Three technological stages can be identified along this concept, which technology must be able to master in the era of the IIoT:
Digitally connect all machines – existing equipment as well as new ones
Every manufacturing company has its own starting conditions: Machines from a wide variety of manufacturers of different ages with different control systems are in use in every production facility. The digital connection of such heterogeneous machine parks is considered the central challenge. This is especially true for global manufacturing companies with international production networks.
The supreme discipline of any successful IIoT strategy is therefore connectivity. “Nothing works in the digital space without connectivity,” states the McKinsey study “Industrial IoT and leading technologies as drivers of digital transformation in production.”
2. Harmonize data – convert signals into Smart Data and use them
Digitizations should not however be the sole target. Rather, it represents a powerful toolbox that companies can use to best achieve their strategic goals, such as efficient and sustainable production, integrating manufacturing processes into global supply and service chains, and establishing new business models.
The generation and use of unified data – smart data – is crucial. After all, one of the core requirements of Industry 4.0 is to generate information digitally at the machine level and make it available in a user-friendly way at all levels – on the shop floor and on the top floor. The aim is to close the gap between IT and OT, between information and operational technology.
Operationally, this means: After the foundation – the comprehensive digital networking of all factory equipment – the collected machine and sensor signals must be converted by the software into relevant and usable information. The goal is the digital twin of production, which maps all processes in real time in all desired systems. In this way, waste and errors can be analyzed virtually in real time and optimized in real terms.
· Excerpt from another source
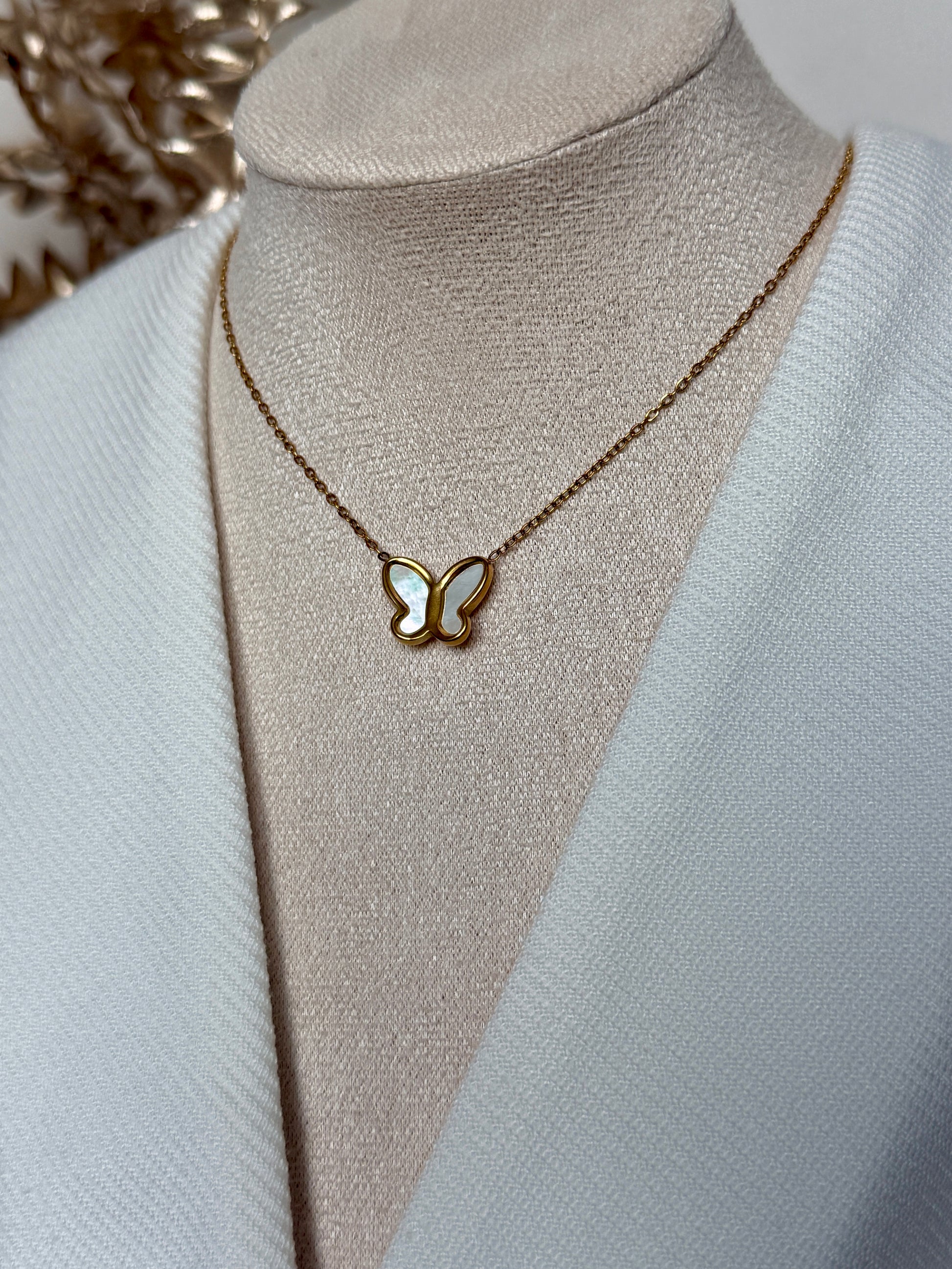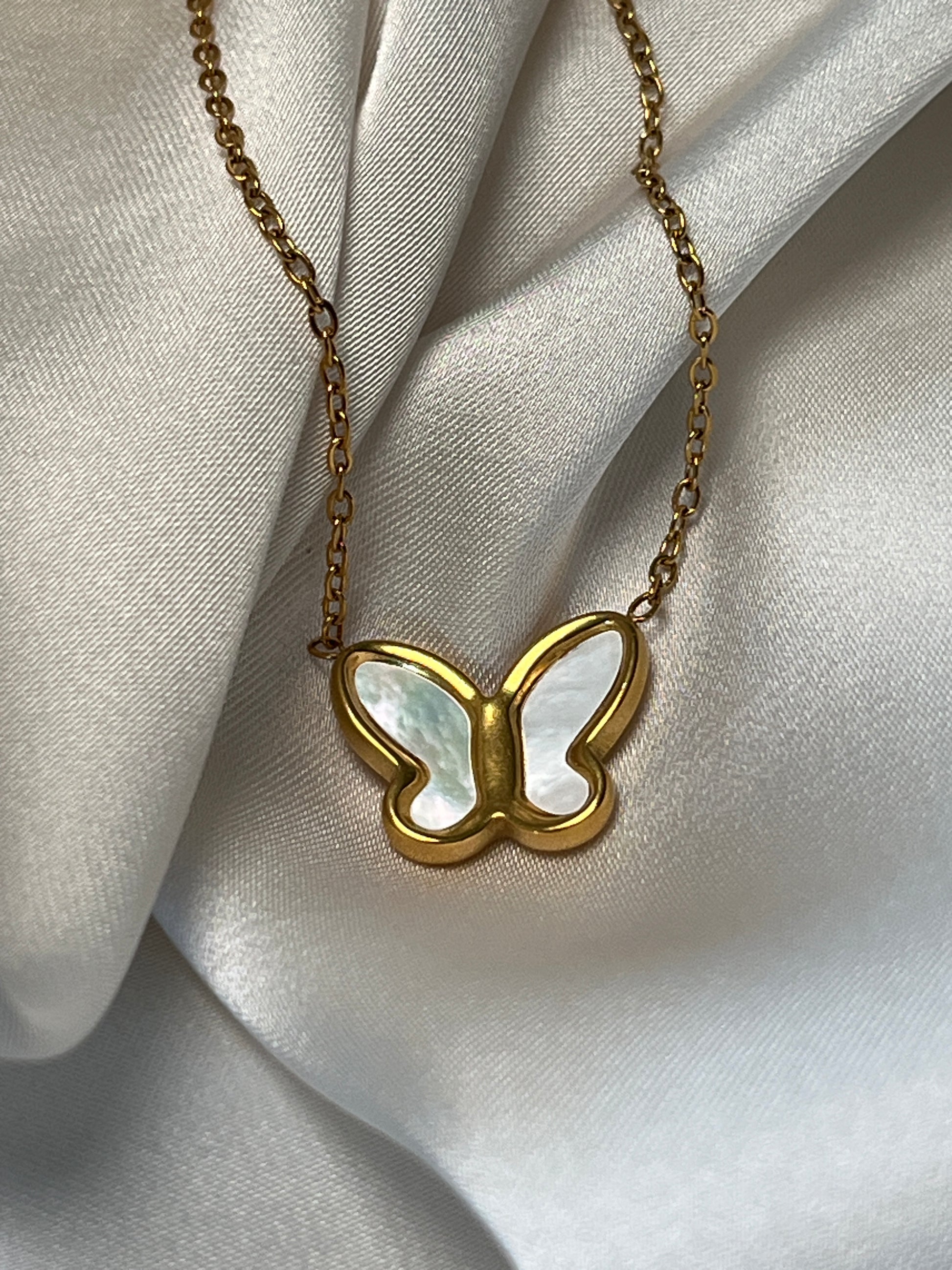 Zarte Halskette mit Schmetterlings-Anhänger in Perlmuttoptik – feminin, verspielt und ein stilvoller Blickfang für jeden Anlass.

3. Compose IT solutions – and ensure seamless interaction
The age of learning IT systems has begun. In this context, manufacturing companies face an apparent dilemma: On the one hand, they want to be able to use innovative solutions such as predictive, machine learning and AI apps in the future. At the same time, they own existing assets and IT systems worth many millions or billions of euros, which should still be able to run for years and continue to operate undisturbed by IT innovations to increase efficiency.
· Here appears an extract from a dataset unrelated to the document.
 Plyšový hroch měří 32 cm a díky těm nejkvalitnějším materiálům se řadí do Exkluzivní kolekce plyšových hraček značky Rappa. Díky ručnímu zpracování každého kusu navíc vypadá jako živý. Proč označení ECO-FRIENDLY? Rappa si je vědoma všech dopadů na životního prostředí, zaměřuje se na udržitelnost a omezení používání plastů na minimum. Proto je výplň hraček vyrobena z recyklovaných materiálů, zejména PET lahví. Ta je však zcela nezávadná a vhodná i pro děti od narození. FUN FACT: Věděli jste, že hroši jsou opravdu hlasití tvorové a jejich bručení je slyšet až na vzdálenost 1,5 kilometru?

Companies need stability in production with simultaneous flexibility in order and capacity planning. Such flexibility in production can be enabled by modular IT platform solutions that, through open interfaces and connectors, enable a step-by-step digital transformation of a company’s own production IT – and, in the longer term, the path to a global world of digital supply and service chains.
Connect, harmonize, compose – bringing all three steps under one hat
If companies also take the concept of composability into account at the technological level, they have three key advantages: They ensure that
- IT innovations can be integrated at their individual speed – step-by-step instead of big bang,
- IT innovations can be tested successively in pilot projects, while main production continues undisturbed
- a later rollout of IT innovations or scaling can take place seamlessly.
The best solution for this is a central and powerful IIoT platform solution that offers connectivity, the digital twin, and the composability of software systems: the connection of all machines, smart data and digital twin, all common interfaces for data use in all desired apps and systems, and in different hybrid cloud/edge infrastructures.